>>>>>

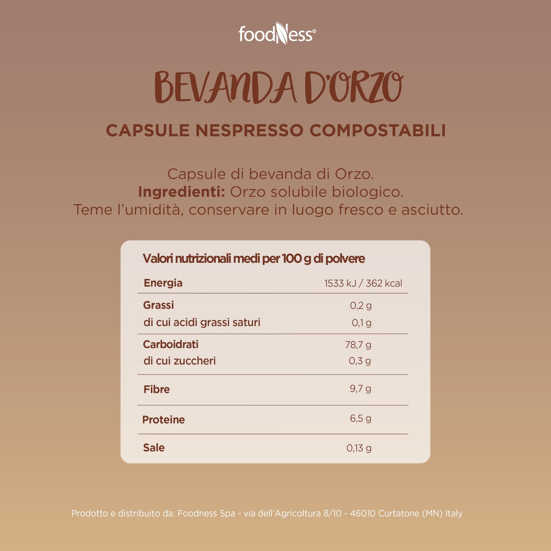 Ordina subito su Cialdein.com e porta a casa il piacere genuino delle capsule Orzo FoodNess per Nespresso!
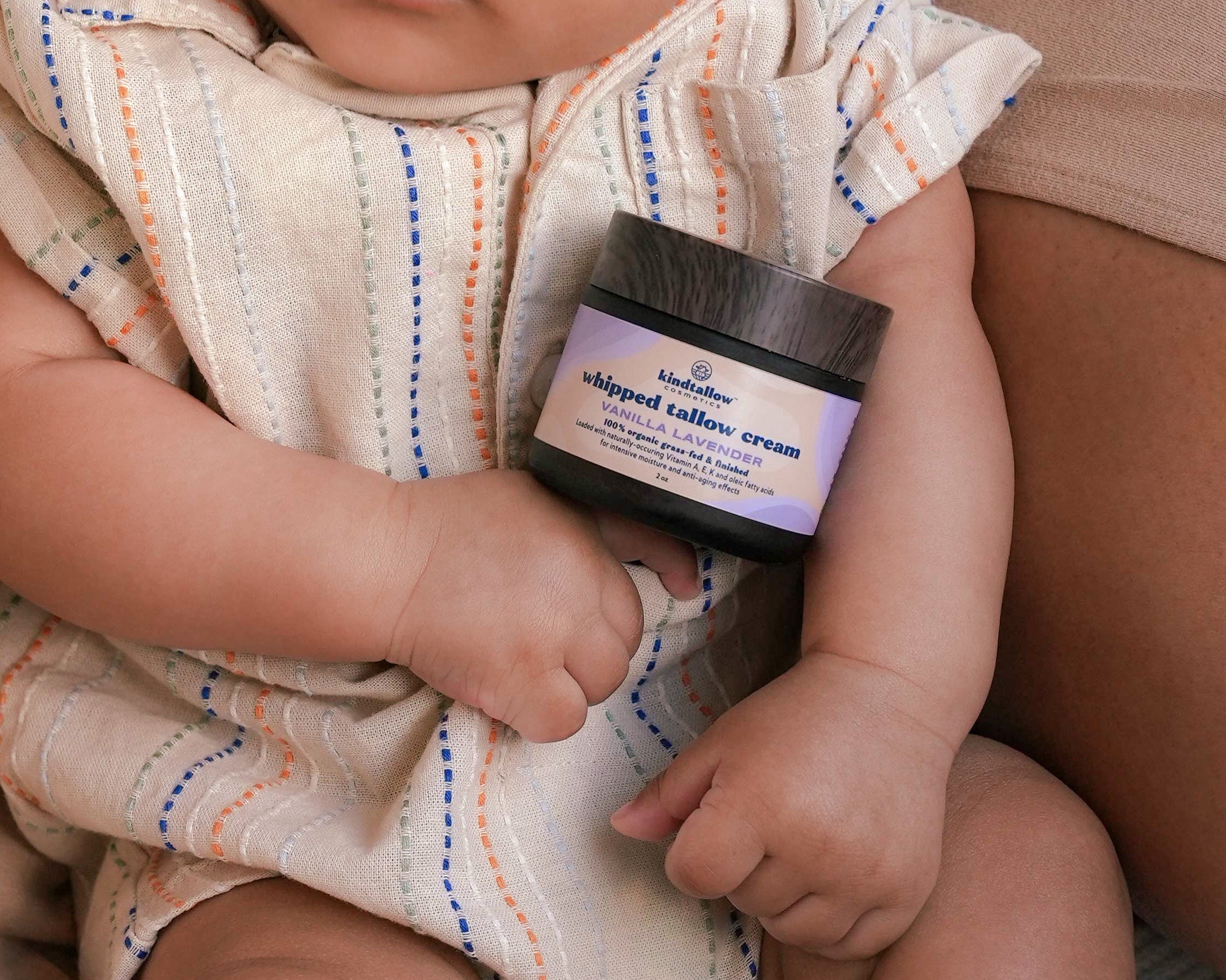 Not sure if essential oils are right for you or your baby? We recommend our Unscented Original Tallow Cream with just 2 ingredients - 100% organic, grass-finished beef tallow, and high quality cold-pressed jojoba oil.
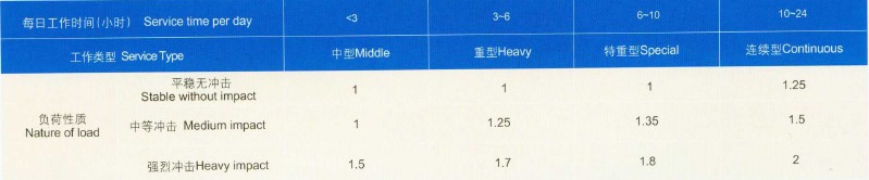 b.減速器入軸功率為電機功率的1.4—2.5倍,即按單級選用方法計算后,K1.K2之乘積小于2.5者,可以電機全容量選用。以“△”表示,多用于中等沖擊或嚴重沖擊的工作負荷。
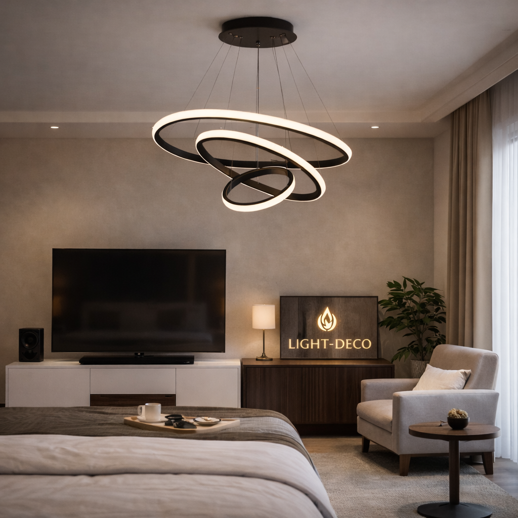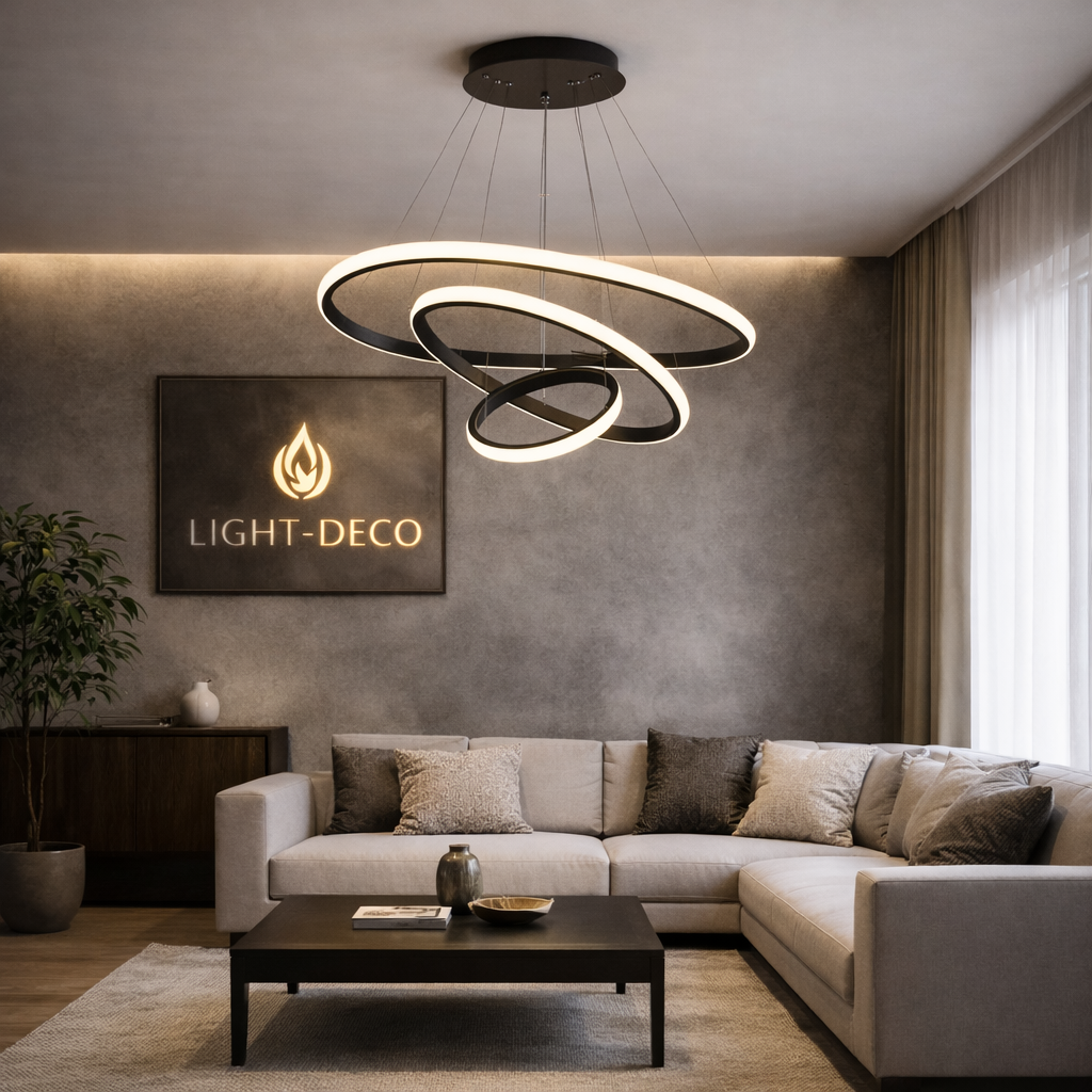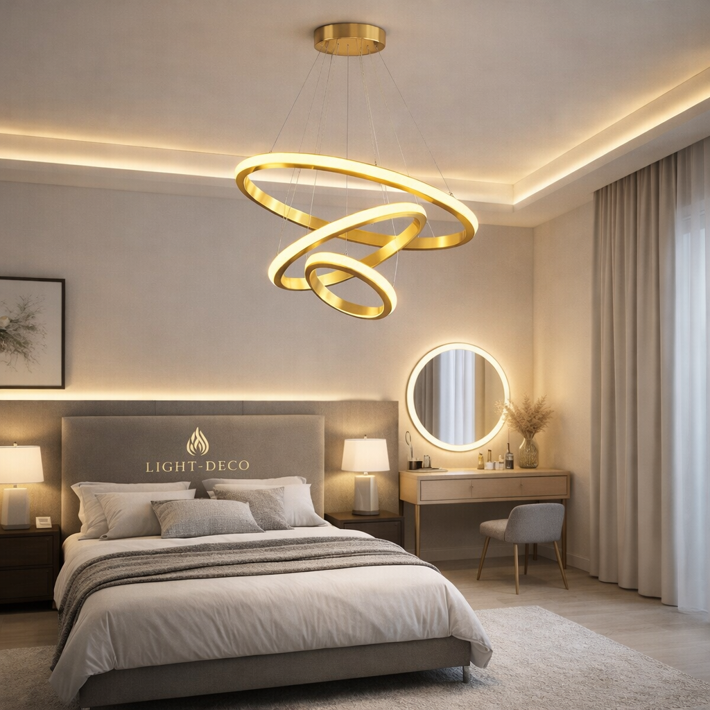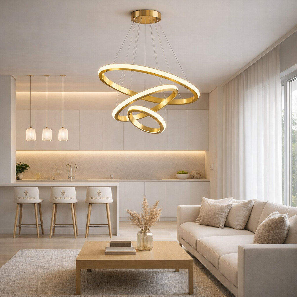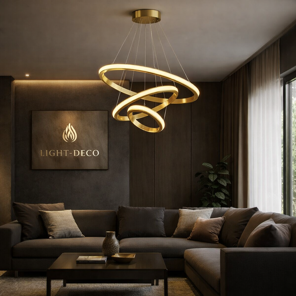 Ses anneaux lumineux offrent un éclairage doux et raffiné, idéal pour sublimer un salon ou une salle à manger. Un design luxueux qui associe brillance dorée et sophistication contemporaine.
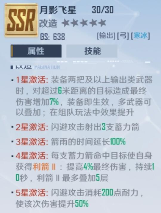 经过改造之后,月影飞星会提升星级并加强,具体的加强内容如下:
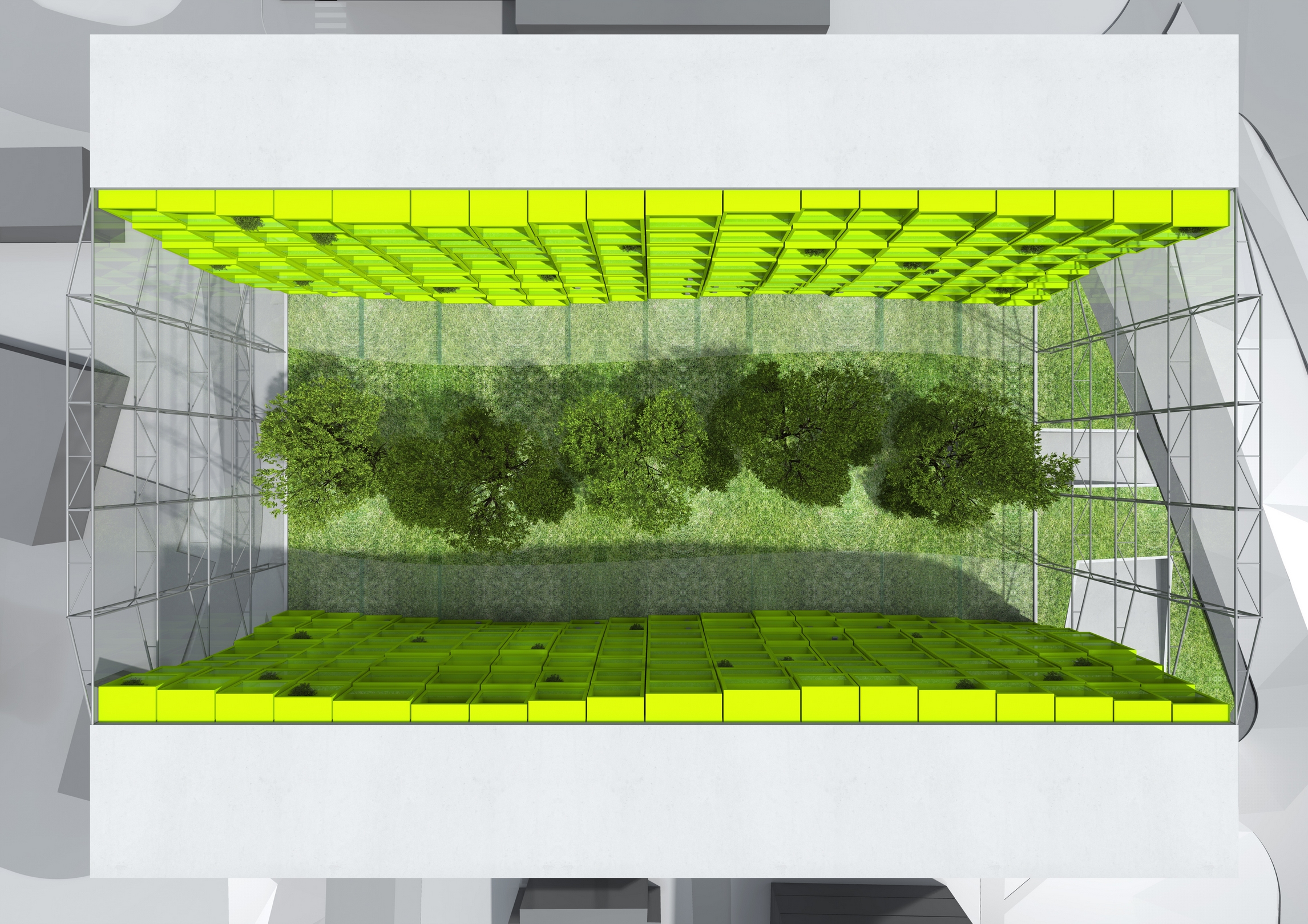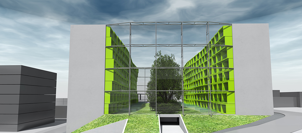 Hmotové řešení objektu bylo významně ovlivněno akustickými poměry na pozemku. Nutnost respektovat hygienické limity pro venkovní chráněný prostor staveb znemožňuje návrh konvenčního bytového objektu. Z tohoto důvodu bylo zvoleno řešení s dvěma protilehlými deskovými objekty doplněnými dvěma transparentními akustickými stěnami. Toto řešení umožňuje orientaci hlavních obytných prostor bytů do zklidněného a ozeleněného atria a doplňkové prosvětlení ostatních prostor bytů skrze zasklenou pavlač. Soukromí jednotlivých bytů je zvýšeno prefabrikovanými krytými lodžiemi, jejichž zelená barva a proměnlivá hloubka dodává fasádám orientovaným do atria svěží a organický ráz souznící s bujnou vegetací, kterou obklopují.

<<<<<

* **THE TASK**:
The whole listing must come back verbatim, with no pictures included.

* **SOLUTION BELOW**:
 Ordina subito su Cialdein.com e porta a casa il piacere genuino delle capsule Orzo FoodNess per Nespresso!
 Not sure if essential oils are right for you or your baby? We recommend our Unscented Original Tallow Cream with just 2 ingredients - 100% organic, grass-finished beef tallow, and high quality cold-pressed jojoba oil.
 b.減速器入軸功率為電機功率的1.4—2.5倍,即按單級選用方法計算后,K1.K2之乘積小于2.5者,可以電機全容量選用。以“△”表示,多用于中等沖擊或嚴重沖擊的工作負荷。
 Ses anneaux lumineux offrent un éclairage doux et raffiné, idéal pour sublimer un salon ou une salle à manger. Un design luxueux qui associe brillance dorée et sophistication contemporaine.
 经过改造之后,月影飞星会提升星级并加强,具体的加强内容如下:
 Hmotové řešení objektu bylo významně ovlivněno akustickými poměry na pozemku. Nutnost respektovat hygienické limity pro venkovní chráněný prostor staveb znemožňuje návrh konvenčního bytového objektu. Z tohoto důvodu bylo zvoleno řešení s dvěma protilehlými deskovými objekty doplněnými dvěma transparentními akustickými stěnami. Toto řešení umožňuje orientaci hlavních obytných prostor bytů do zklidněného a ozeleněného atria a doplňkové prosvětlení ostatních prostor bytů skrze zasklenou pavlač. Soukromí jednotlivých bytů je zvýšeno prefabrikovanými krytými lodžiemi, jejichž zelená barva a proměnlivá hloubka dodává fasádám orientovaným do atria svěží a organický ráz souznící s bujnou vegetací, kterou obklopují.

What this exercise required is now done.